Being knocked out, my mom took Allison duty while my brother left for a shower and change of clothes, and I got to hold my perfect little nephew for two hours while she woke up. Thank goodness we're identical twins - he looked straight up into a face identical to his mom's, and full of love. Those two hours were incredibly special and I sang to him, told him about his journey, his dad, all the amazing things that had finally brought him here to this place. At a quarter to five they wheeled a groggy Allison into the room and she got to hold and nurse her son. I have no idea how she made it on the hour of sleep we got between 6 and 7, but that was the hour that the first nurse came happily charging into the room to inspect and measure and test and poke and prod. It's a bit vague, what happened over the next 24 hours although I know I got to hold the little one when Allison was sleeping and I left for a shower and a change of clothes, shocked at how powerfully I still smelled of campfire smoke as it rolled off of me in waves of  soap and water. And I know we looked a bit like zombies, my mother and I, as we ate a delicious dinner that night.

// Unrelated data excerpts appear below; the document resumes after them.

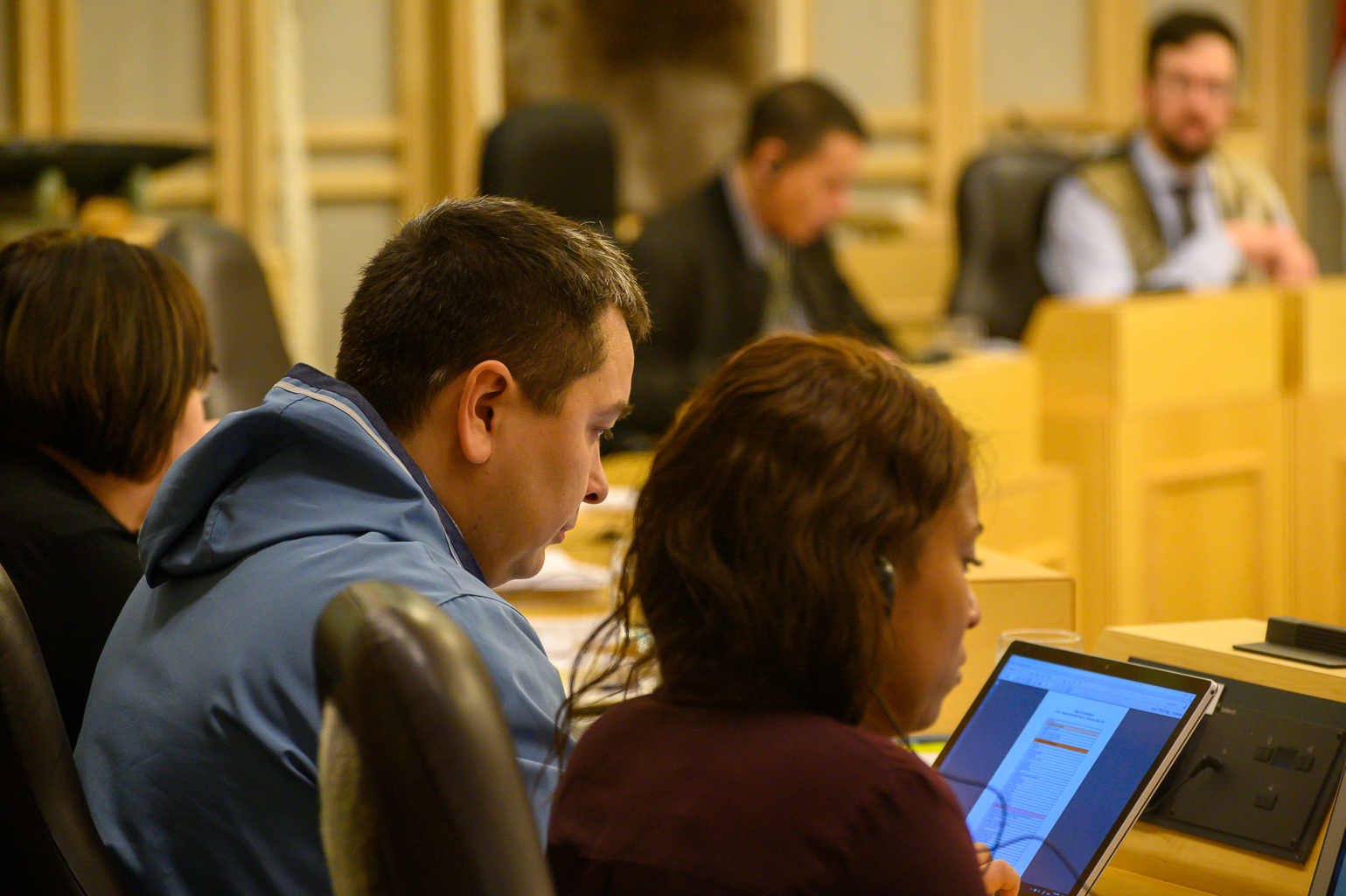 Education Minister David Joanasie consults his laptop while responding to a question on Thursday, Nov. 28, the final day of the Bill 25 hearing. (Photo by Dustin Patar)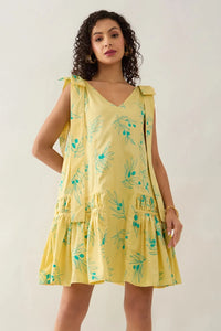 The Nubra Lemon Yellow Dress in Grape Print is a breezy, effortless piece with a relaxed fit. Delicate tie-up shoulder straps add a playful touch, while subtle piping and gathered details create graceful movement. Designed for ease, the seamless in-seam pockets blend functionality with style, making it a versatile choice for any occasion.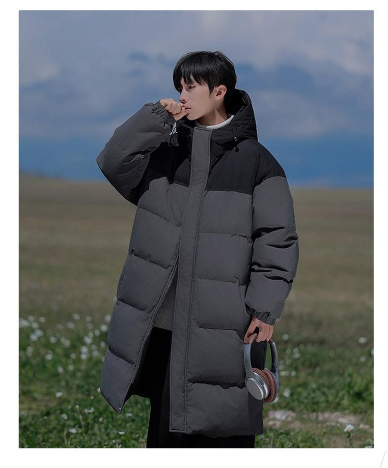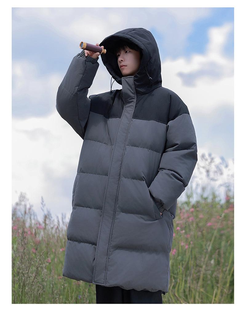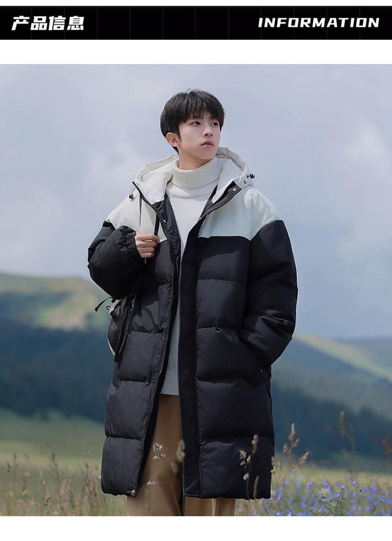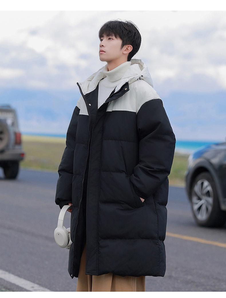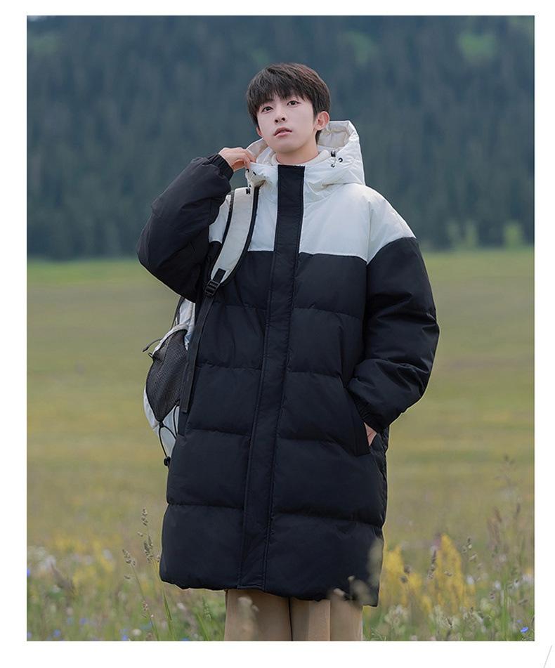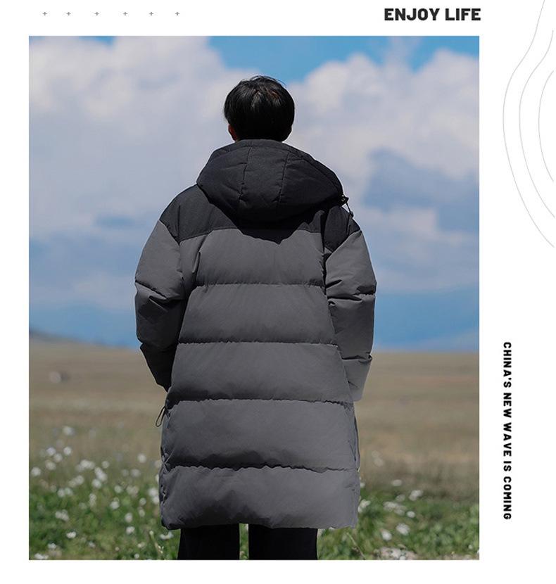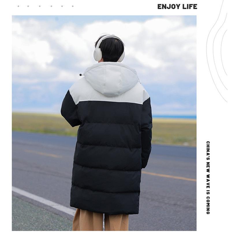 Abrigo Grueso Invierno Largo Medio Engrosado Cálido Chaqueta de Algodón Moda Hombre Holgado Combinable con Todo Capucha Combinación de Colores Chaqueta Acolchada de Algodón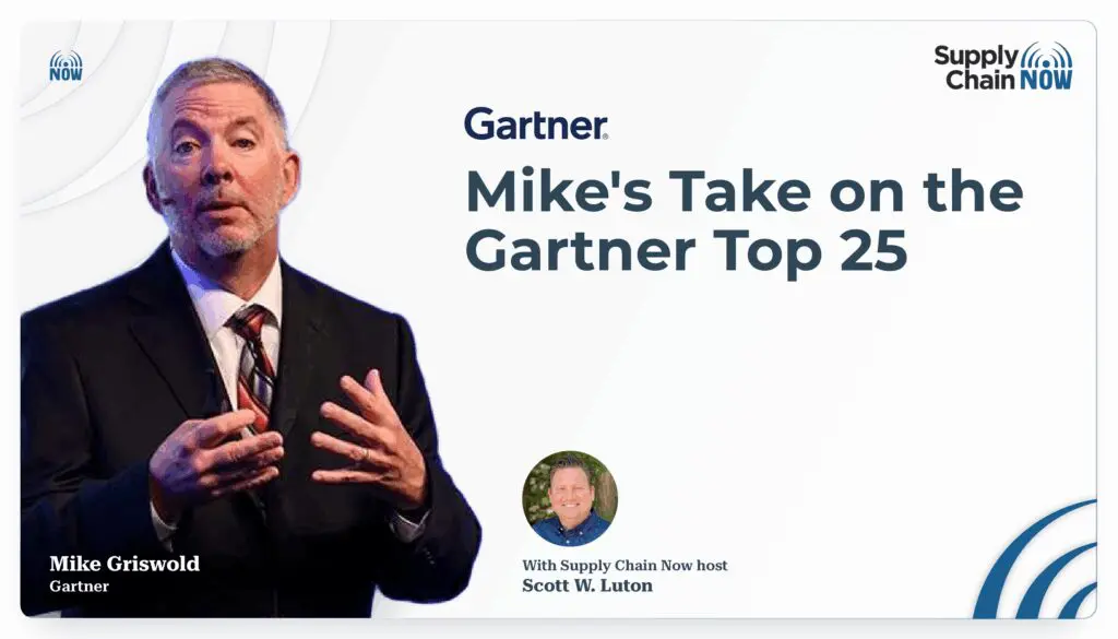 Gartner’s Top 25 Supply Chain ranking was started 19 years ago to celebrate the best supply chains in the world and to raise awareness about the impact a well-run supply chain can have on the overall health and competitiveness of a business. Mike Griswold is the Vice President of Research at Gartner, specializing in retail with a particular focus on forecasting and replenishment. He is responsible for Gartner’s annual Top 25 Supply Chain ranking and joins Supply Chain Now on a monthly basis to discuss the latest in retail supply chains from an analyst’s perspective. In this episode, Mike talks about his 3 key takeaways (plus 2 more) from this year’s top 25 supply chains with co-hosts Scott Luton and Greg White: • The maturity and sophistication required to build and operate a world class supply chain through third party relationships • The power of understanding that a ranking like the top 25 is not a goal in and of itself, but rather an outcome • 2 Notable macro trends: identifying and seizing new opportunities and keeping the employee experience front and center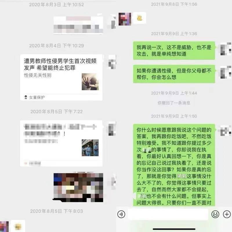 得知宋辰的遭遇后,宋海江不是没有变化。他第一次主动参加了儿子学校的家长会,有空也会接送他上下学。但宋欣觉得这些不够,她开始在大学里留意性科普相关讲座,带宋辰一起去听。她还辅修了心理学,学习有关心理创伤相关的知识。看到有关性侵的文章,比如韩国电影《熔炉》的影评,房思琪相关新闻,林肯公园主唱自杀的消息,她都会转发给父母,希望他们意识到宋辰的遭遇并不是简单的"玩玩而已"。她试图说服父母,要让宋辰接受专业的心理咨询。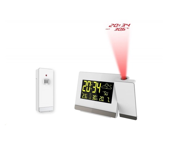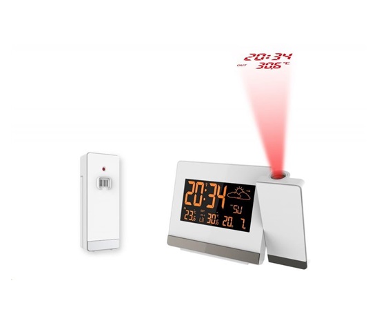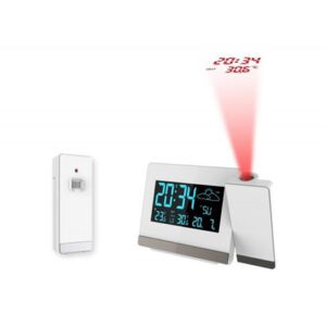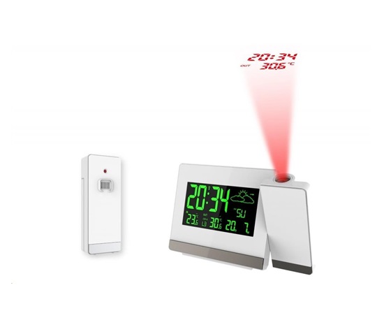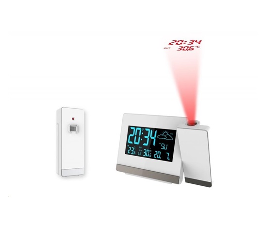 Meteorologická stanice s budíkem a projekcí času a vnější / vnitřní teploty, předpovědí počasí a barevným inverzním s možností volby nastavení zobrazení až z 256 barev.

A C-section really is just a brutal experience, especially when for the next few weeks you have to sit up every couple of hours to nurse. It was easy for me to get up to help the next two nights in the hospital, to prop pillows and fill water glasses and to sleep with my nephew when I got the chance. So sweet to sleep next to him in the huge bed he shared with his mama and smell his sweet milky breath and lift his small body into his mama's arms. And it felt cruel of me to leave, except that I left them with the lady that had managed to get us to adulthood. I am amazed by the entire journey Allison took in getting Hayes Ryan Brooks into this world. From the years of putting off conception in order to care for her husband and her final leap into doing it instead of waiting, to losing her husband just when the tiniest bit of a bump was beginning to show at ten weeks, to going through all the mourning, the therapy, the months of working and working and working while growing this being inside of her.


And she amazed me with the birth, how perfectly she progressed, how strong she was through all of it, and how she clearly processed and made peace with the c-section and the struggle with it all in the days afterward. She is so truly the embodiment of grace, and her joy in her son is so radiant and apparent. 

Welcome little miracle. Your aunt loves you.